As for the MPAA fighting for free speech, how about its close involvement with ICE and the DOJ in censoring websites? So far, ICE and the DOJ have had to admit that they totally screwed up two of those seizures, censoring blogs and forums for over a year — and we fully expect to see ICE and the DOJ have to admit a few more, similar mistakes. However, one thing that ICE has also stated? That these seizures came about thanks to its close working relationship with the MPAA. In fact, the very first time ICE seized domains, it made the announcement from Disney’s headquarters. Imagine if the federal government seized a news blog… and did so from the offices of the NY Times. People would point out that this doesn’t seem right, but the feds have been able to get away with this blatant crony protectionism.

If the MPAA can’t admit that it’s been involved in blatant censorship, then it has little recognition of its own abuse of the law.

The motion picture and television industry is an industry of innovators.

Our companies embrace and harness the rapid development of technology. From IMAX to 3-D to shooting films at 48 frames per second, movie studios are on the cutting edge of entertainment technology. They are relentlessly innovating to bring audiences not only the latest in moviemaking, but also a seamless content experience that allows them to watch the shows and movies they love where and how they want. Hulu, HBO Go, Vudu, Crackle, UltraViolet, Epix, MUBI, Netflix, Amazon – and that just scratches the surface.

We’ve already addressed this one at length. Offering something is not the same thing as offering what people want. Furthermore, the MPAA had to be dragged kicking and screaming to accept some of these offerings, and not because of the foresight of the movie industry, but because the tech innovators it now wants to shackle kept pushing and prodding until Hollywood came around. Netflix and Amazon came much more from the tech industry than Hollywood. Hulu may have come out of Hollywood, but it gave the team (with a tech background) pretty free rein in building out the service… and the second it started taking off, Hollywood sought to kill it. To present these as signs of innovation is like saying that I “innovated” in the food business because I ate a Korean taco. Having a tangential relationship with those who actually innovate is not innovation itself. And when Hollywood then seeks to kill off said innovation, it shows how they really view the world.

The entertainment community supports an internet that works for everyone.

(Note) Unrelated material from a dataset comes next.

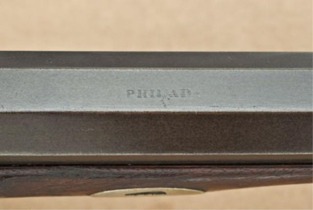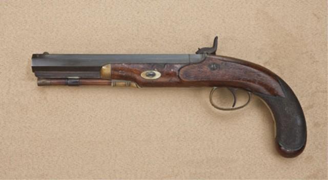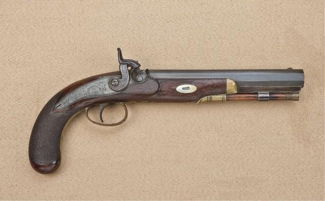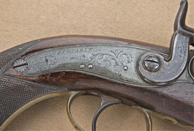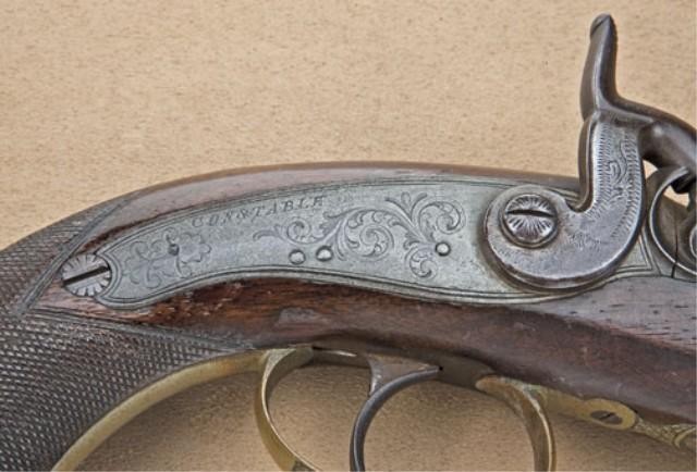 Percussion dueling pistol signed Constable, Philadelphia, circa 1850’s to 60’s. 14” overall, with 8-1/2” heavy octagon barrel, approx. 48 caliber, half stocked, brass engraved mounts, checkered bag-shaped butt. The barrel shows a deep brown patina finish and the lock shows a light silver drifting to patina. The stock shows two large chips of wood missing above the barrel key on the left side, a few gouges, some small dings and mars, and is generally fair to good. The mounts and triggerguard show a deep patina, the action is good, generally good overall. With an original to the period ramrod. A very well-known and desirable maker. From the William R. Orbelo Collection. Est: $1,500 - $3,000

It is critical to the entertainment community that we protect the free flow of information on the internet while also protecting the rights of artists and creators. The internet must be a place for investment, innovation and creativity – that’s critical not just for our industry, but for intellectual property-intensive industries around the world. In April, the U.S. Department of Commerce released a report that found that intellectual property-intensive industries – including film and television — support at least 40 million jobs and contribute more than $5 trillion dollars to U.S. gross domestic product (GDP). That’s 34.8 percent of US GDP. Simply put, protecting American creativity from theft is critical the U.S. economy – and so is protecting the freedom to express creativity online.

Creators must have the freedom to innovate online, and they must also be secure in their ability to benefit from their creations. Copyright protection is critical to ensuring that. We can protect creative works while ensuring that the Internet works for everyone.

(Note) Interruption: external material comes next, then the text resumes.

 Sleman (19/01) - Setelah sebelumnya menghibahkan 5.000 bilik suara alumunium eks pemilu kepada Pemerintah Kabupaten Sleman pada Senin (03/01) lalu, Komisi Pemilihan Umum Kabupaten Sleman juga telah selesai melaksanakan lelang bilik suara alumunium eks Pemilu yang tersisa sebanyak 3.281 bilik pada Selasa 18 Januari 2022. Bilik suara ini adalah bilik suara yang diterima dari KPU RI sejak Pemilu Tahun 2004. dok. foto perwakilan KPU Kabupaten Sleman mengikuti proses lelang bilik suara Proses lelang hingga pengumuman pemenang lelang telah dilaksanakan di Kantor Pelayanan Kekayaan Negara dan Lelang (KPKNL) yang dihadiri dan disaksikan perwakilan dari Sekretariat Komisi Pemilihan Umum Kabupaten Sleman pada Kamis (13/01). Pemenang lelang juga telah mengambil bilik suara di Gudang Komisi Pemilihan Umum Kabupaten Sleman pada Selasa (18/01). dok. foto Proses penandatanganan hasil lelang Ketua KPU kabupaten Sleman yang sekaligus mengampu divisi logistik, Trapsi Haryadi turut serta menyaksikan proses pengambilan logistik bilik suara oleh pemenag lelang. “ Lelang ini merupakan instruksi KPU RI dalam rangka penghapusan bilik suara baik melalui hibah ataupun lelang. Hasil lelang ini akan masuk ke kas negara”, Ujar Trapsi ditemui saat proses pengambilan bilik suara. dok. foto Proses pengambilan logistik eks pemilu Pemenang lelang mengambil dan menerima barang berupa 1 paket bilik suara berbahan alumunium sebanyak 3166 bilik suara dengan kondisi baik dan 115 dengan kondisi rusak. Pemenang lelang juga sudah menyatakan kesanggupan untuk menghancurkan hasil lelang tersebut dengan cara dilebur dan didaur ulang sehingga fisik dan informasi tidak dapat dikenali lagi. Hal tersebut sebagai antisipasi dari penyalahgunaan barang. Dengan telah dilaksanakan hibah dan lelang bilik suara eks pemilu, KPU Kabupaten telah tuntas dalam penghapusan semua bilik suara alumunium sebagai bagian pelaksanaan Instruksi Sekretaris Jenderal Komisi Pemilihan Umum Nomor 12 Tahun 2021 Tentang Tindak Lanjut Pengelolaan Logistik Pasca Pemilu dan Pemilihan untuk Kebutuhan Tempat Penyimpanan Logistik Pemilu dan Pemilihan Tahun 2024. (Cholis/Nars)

First of all, the infamous Commerce Department “study” was quickly proven to be complete bunk. The whole “IP intensive industries” metric is a joke — highlighted by the fact that the report showed the number one employer in the “IP intensive industries” was… grocery stores. The report just lumped together copyright, patents and trademarks, and most of the “jobs” and GDP being talked about are in “trademark” intensive industries — a definition is so stupidly broad as to include every single person who works at a grocery store. Yet under MPAA propaganda, the teen who checked you out when you bought your groceries is a symbol of why they need a new SOPA bill.

Second, any time someone says they want an internet that “works for everyone,” what they really mean is that they’re relying on a business model that has been disrupted by the internet, and the only way to make things fair is to break the internet where it challenges their old and obsolete way of doing business. The market decides what “works for everyone.” Not the government. If the MPAA can’t keep up, get out of the way and let real innovators step in.

The film and television industry has become one of this country’s most important and most consistent exports.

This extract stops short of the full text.